Die Behörde muss in die Ausübung ihres Ermessens, wenn sie von ihm zweckgerecht Gebrauch machen will, alle nach dem Entscheidungsprogramm, das ihr obliegt, wesentlichen tatsächlichen und rechtlichen Gesichtspunkte einstellen. [...]

Vor diesem Hintergrund war die Ermessensausübung des Bundesamtes hier insoweit defizitär, als es bei seiner Entscheidung über den Wiederaufgreifensantrag mit Blick auf das Entscheidungsprogramm, das sich aus § 60 Abs. 5 AufenthG ergibt, einen wesentlichen rechtlichen Gesichtspunkt außer Acht gelassen hat.

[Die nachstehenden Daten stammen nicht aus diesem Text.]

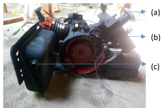
Gambar 2. Mesin 2 tak (penghasil CO 2 ) (a) pengisian bahan bakar (b) starting mesin (c) pipa keluar gas

Penelitian ini merancang sistem deteksi CO 2 dalam skala laboratorium. Sumber gas CO 2 menggunakan replika mesin 2 tak seperti pada Gambar 2. Kelebihan mesin 2 tak adalah lebih ringan, konstruksinya sederhana, dan proses konstruksi mesin yang lebih murah. Pemanfaatan proses dua langkah piston pada saat pembakaran bahan bakar dan udara di dalam ruang pembakaran, sehingga menghasilkan gas buang yang akan dideteksi. Gas yang dikeluarkan oleh mesin ini diuji dengan menggunakan sensor gas Dragger X-am 7000 seperti Gambar 3.
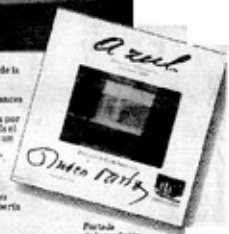
Portada de la reedición de la obra "Azul" de Rubén Darío.

mejor: el preludio de la nueva poesía. "Fue la primera aventura por los avances tecnológicos de la comunicación apoyada por la tecnología digital. En el retículo y expresión de un mundo que cambia el rostro por el rostro". "Las nuevas generaciones postmodernas crean nuevas utopías posibles y alternativas. Esto debería suceder".
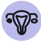
POLYCYSTISK OVARIE SYNDROM (PCOS)
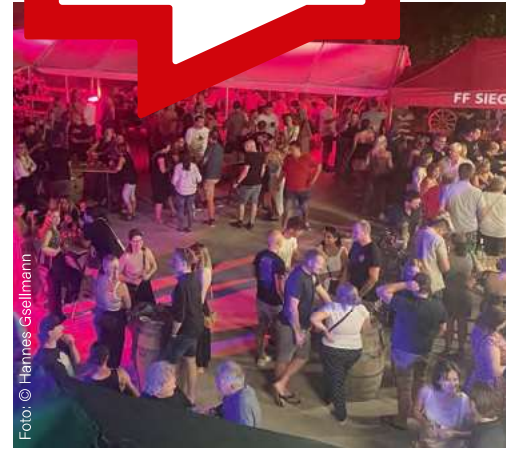
Tolle Stimmung, feines Ambiente, gute Musik – ein gelungenes Fest
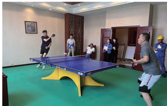
为丰富职工文化生活,增强职工身体素质,10月18日,利华化工公司举办“奋进新时代、建功大利海”乒乓球友谊赛,各部门20余名职工参加了比赛。(王静静)

涉及生产设备管理、工艺质量管理、安全环保管理、项目管理、后勤管理等多个方面,共收集到意见建议43条。经过两轮评审和适用性检测,最终评选出优质建议11条,如:检测时需要剥取的纤维改由生产车间回绕成卷装,一年大约能节省20000元左右;在数据平稳的前提下,经过技术评估,降低干燥出口纤维含水率检测频次,可减少试剂使用量,降低水浴加热、烘箱使用时间,全年预计节省电费6000元。本次活动围绕节能降耗,提升效率、提高质量,提高产品制成率,保证生产正常,形成较好的规模效应,推动企业效益增收。(神特宣)
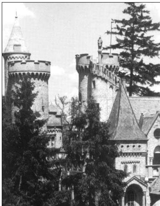
A Bory vár

Szóval az volt a kérdés, hogy mivel foglaljuk el magunkat az eredményhirdetésig. Végül kitaláltuk, hogy meglátogatjuk a Bory várat, Székesfehérvár egyik nevezetességét. Nem bántuk meg, mert egy tüneményes váracska, amelyet egy szobrászművész tervezett és épített. Szép szobrai is itt láthatók, igazán termékeny művész volt. Mindenkinek ajánlom figyelmébe ezt a kis várat, aki Fehérvár felé jár.
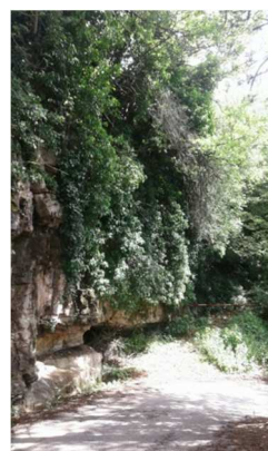
Piante di edera presenti ovunque
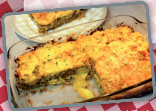
platte 10 beurs

Angela over haar gerecht: Deze maaltijd vult erg goed. Voor wat variatie kun je nog wat geraspte kaas over de schotel strooien voordat het de oven ingaat.
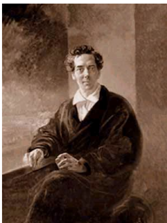
Перовский А. А.

А.А. Перовский родился 20 июля 1787 г. Он получил образование в Московском университете, а через два года ему было присвоено звание доктора философии и словесных наук. Он сближается с пушкинским окружением, знакомится с Карамзиным и Жуковским.
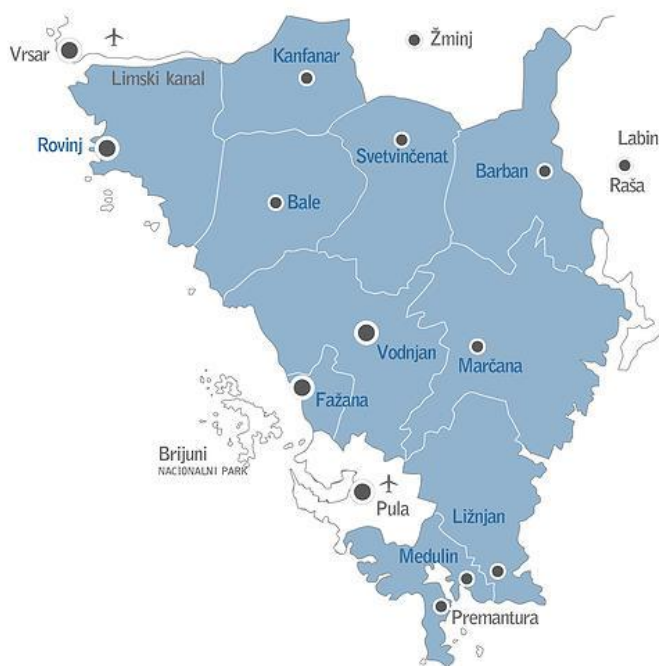
Slika 6.: Prikaz LAG- a Južna Istra
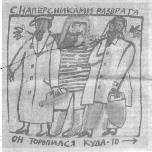
С наперсниками разврата Он торопился куда-то.

РАНА Я хвастаю раной на животе Перед группой Девичат. — Вот это да! — восхищаются те, И в рану палец вложить норовят. Вперед пробилась самая резвая. Малый рост, а сила недюжинная. — Смотрите, а рана-то колото-резанная! — Не колото-резанная, а рвано-уклушенная. Стою и внимаю с ужасом: В какую оргию втянут я, Ведьмы терзают меня и кружатся, Открылась рана полузагнанная. Надо бы рану перевязать И «Скорую помощь» вызвать. Кончили ведьмы меня терзать, Принялись кровь зализывать.
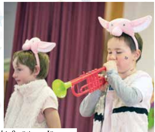
Das Trompetenschwein rettete die Hasen vor den schießwütigen Jägern.
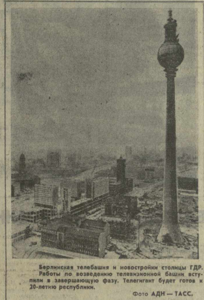
Берлинская телебашня и новостройки столицы ГДР. Работы по возведению телевизионной башни углубили в завершающую фазу. Телегигант будет готов к 20-летию республики.

Империалисты хорошо знают силу международной пролетарской солидарности: поэтому они в борьбе против сил социализма делают ставку на национализм, рассчитывая с его помощью раздробить коммунистическое движение и противопоставить национальные революционные отряды друг другу. Революционная империалистическая пропаганда всячески пытается скомпрометировать пролетарский интернационализм, искусственно противопоставить его независимости, суверенитету и равноправие национальных отрядов рабочего и коммунистического движения. В этих целях она пустила в оборот пресловутую идею «ограниченности суверенитета», выхолостив понятие суверенитета, его классовое содержание. Империалисты всеми силами стараются внести национальную рознь и расовую вражду в рабочем и национально-освободительном движении, вбить клин между его отдельными отрядами,
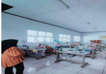
Gambar 2: Pembukaan Pembelajaran dan pembagian kelompok

dengan memperkenalkan diri kepada siswa, berdoa, dan mengecek kehadiran siswa.
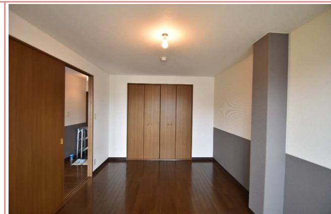
洋室 ゆっくりくつろげます。
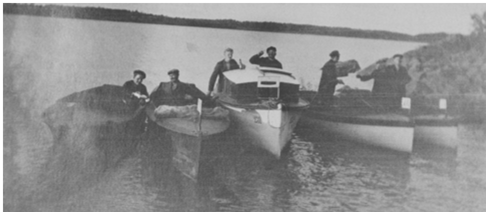
Moottoriveneitä Raustvuoren rannan tuntumassa 1930-luvun vaihteen tienoilla.
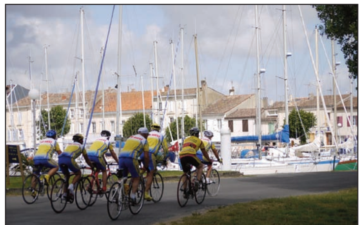
Lors du Tour de l'estuaire en juin, le passage au très pittoresque port de Mortagne.
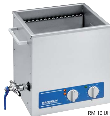
RM 16 UH
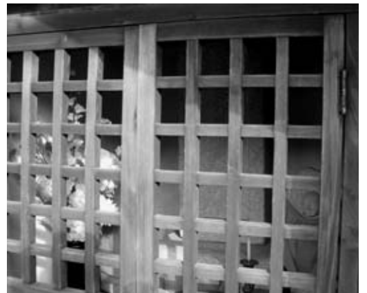
お堂の中にまつられる「六十六部供養塔」

お堂近くの民家を尋ねる。男性が「六部さんのことだね」と話を聞かせてくれた。 修行途中の六部が行き倒れてしまふ。疫病がはやり、村人がこの地で亡くなった六部の「供養塔」をまつり、願を掛けると不思議に疫病が終息したという。 「今で言うインフルエンザだろうね。医学に勝る先人たちの思いがなくなったということかなあ。春祭りには必ず「六部さん」の前で子どもたちが囃子の奉納もするし、阿久比地区では大切なものだよ。公会堂の近くには「行者さん」もいるし、帰りに見ていくといいよ。」 「地域で大切に守っていく。難しいことですけど、素晴らしいことですよねえ」。行者堂に手を合わせた後、目に映った、それぞれの民家から温もりが伝わってきた。
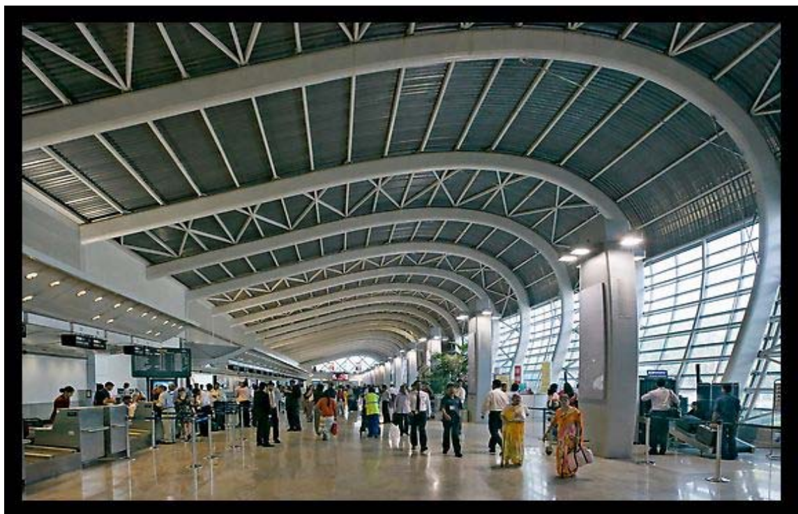
Mumbai - L'aeroporto

di lavoro creati dall'industria dei servizi e dall'IT sono stati in larga misura assorbiti dalla minoranza qualificata della forza lavoro, mentre la maggioranza dei lavoratori "unskilled" ne è rimasta esclusa. Gli sforzi del Governo indiano si focalizzano oggi sull'imperativo di correggere il percorso di sviluppo del Paese, per renderlo più "inclusivo" e sostenibile. La nuova Politica Nazionale Manifatturiera, adottata proprio a ridosso della Missione di Sistema, rappresenta la car- ▶
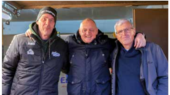
Auch an der Getränkeausgabe stand ein eingespieltes Team.
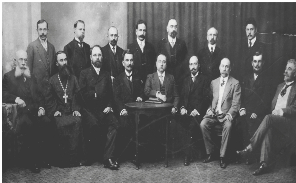
Рис. 5. Преподавательский состав фельдшерско – акушерской школы. 1913 г.

29 мая 1909 г. в школе состоялся первый выпуск - Свидетельства о звании фельдшера и фельдшерицы получили 14 человек.
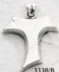
3338/B Gr. 9,7
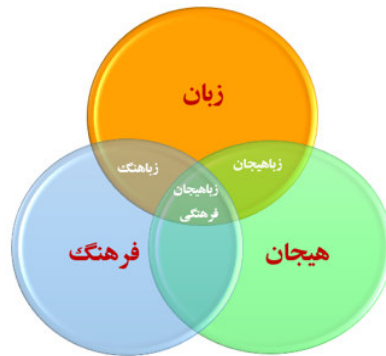
شکل ۱: زباهیجان فرهنگی

با توجه به موارد اشاره شده و اهمیت هیجان‌ها در انعکاس تفکرات، زبان و فرهنگ هر جامعه، نگارندگان در پژوهش حاضر مفهومی به‌نام زباهیجان‌های فرهنگی را معرفی می‌کنند که به هیجان‌هایی اشاره دارند که در پشت عبارات‌های زبانی نهفته هستند و در یک فرهنگ خاص ممکن است معانی منحصر به فرد خود را داشته باشند. با معرفی زباهیجان می‌توان بُعد هیجانی را به الگوی قوم‌نگاری ارتباط افزود و آن را به قوم‌نگاری هیجانی ارتباط بسط داد. این مهم شکاف میان مطالعات جامعه‌شناسی و روان‌شناسی را کم‌رنگ می‌کند. شکل ۲ رابطه میان زبان، فرهنگ و هیجان را به‌خوبی به‌تصویر می‌کشد:

Nach § 60 Abs. 5 darf ein Ausländer nicht abgeschoben werden, soweit sich aus der Anwendung der Konvention vom 4. November 1950 zum Schutze der Menschenrechte und Grundfreiheiten (EMRK) ergibt, dass die Abschiebung unzulässig ist.

In dem angefochtenen Bescheid hat das Bundesamt im Zusammenhang mit der Anwendung dieser Bestimmung lediglich die Frage erörtert, ob sich ein solches Abschiebungsverbot aus der Regelung in Art. 3 EMRK ergeben könnte, und weitergehend ausgeführt, dass eine Verletzung anderer Menschenrechte oder Grundfreiheiten der EMRK nicht in Betracht komme. Letzteres ist aber unzutreffend.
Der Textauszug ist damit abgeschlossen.